CN109447261A - A method of the network representation study based on multistage neighbouring similarity - Google Patents

Abstract

A kind of method that the present invention proposes network representation study based on multistage neighbouring similarity.It only considered relationship of the single order adjacent to similarity and second order adjacent to similarity compared to traditional network representation based on structural analysis, high-order of the emphasis of the present invention between node is adjacent to similarity modeling, the calculation method of different classes of indirect neighbor similarity is separately designed, particularly in view of information can decay during Internet communication with the increase of distance, therefore, the present invention can predict the different neighbor nodes of present node, it more accurately finds and the maximum adjacent node of the degree of association of destination node, it is semantic more abundant so as to obtain, expression vector with higher reliability and authenticity.

Description

A method of the network representation study based on multistage neighbouring similarity

(1) technical field

The present invention relates to Complex Networks Analysis fields, and in particular to a kind of net list dendrography based on multistage neighbouring similarity The method of habit.

(2) background technique

In daily life, network data is ubiquitous, for example, thousands of Website page is constituted on internet The network of web page interlinkage, microblogging and Twitter etc. constitute the interpersonal network in people's social activity, Jingdone district and day cat Etc. constitute user shopping network.Therefore, the presence of information network has become the most common carrier and form in our lives, There is important learning value and application value to the research of information network.

Network representation study is also known as internet startup disk or figure insertion, is substantially with a low-dimensional, dense vector removes table Show the node in network, the structure of the vector energy reaction network can be used for the cluster of network node, and classification task can also answer In the tasks such as prediction and reconstruct with relationship in a network.With the development of machine learning and nerual network technique, network representation The research of study is also more and more important, and find suitable network representation data as input is for the parameter learning of neural network It is essential.

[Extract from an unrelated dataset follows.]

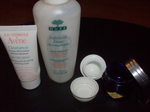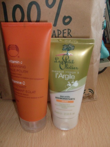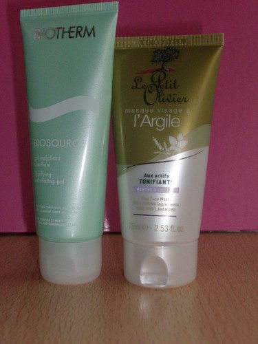 Para esfoliar estou a usar o GEL EXFOLIANT CLARIFIANT da BIOTHERM, que tem um cheirinho maravilhoso e muito fresco e umas particulas esfoliantes muito eficazes, mas suaves com a pele. Já estou a usar também a máscara que comprei do LE PETIT OLIVIER, a que tem prepriedades tonificantes de Menta e Lavanda e estou a ADORAR! Tem um cheiro super refrescante a Lavanda e realmente deixa a pele mais fresca, limpa e mais clara! Muito boa mesmo!
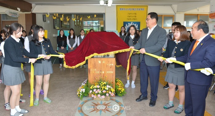조대여고 학생들은 지난 5월 광주 전남에서 유일하게 생존해 계신 곽애남 할머니를 방문한 후 6~7월 두 달간 소녀상 건립 성금을 모금해 이날 소녀상 제막식을 열었다.

Currently, the research of network representation study can be divided into two kinds, one is the researchs based on network structure, such as The methods of DeepWalk, Line, node2vec, one is the researchs based on complex network attribute, in conjunction with social networks without mark Degree row, community cultule etc..In addition, there are also the network representation study based on content, the network representation study based on temporal dynamic property, with And the network representation study in heterogeneous network also obtains higher and higher research temperature in recent years.But these above-mentioned methods are all Based on the single order similitude or second order similitude between node, few the case where being discussed again to higher order similitude.Although node Between indirect neighbor relationship can decay with the increase of node path length, but the indirect similarity between node to research node Between convergent sexual intercourse be also highly important.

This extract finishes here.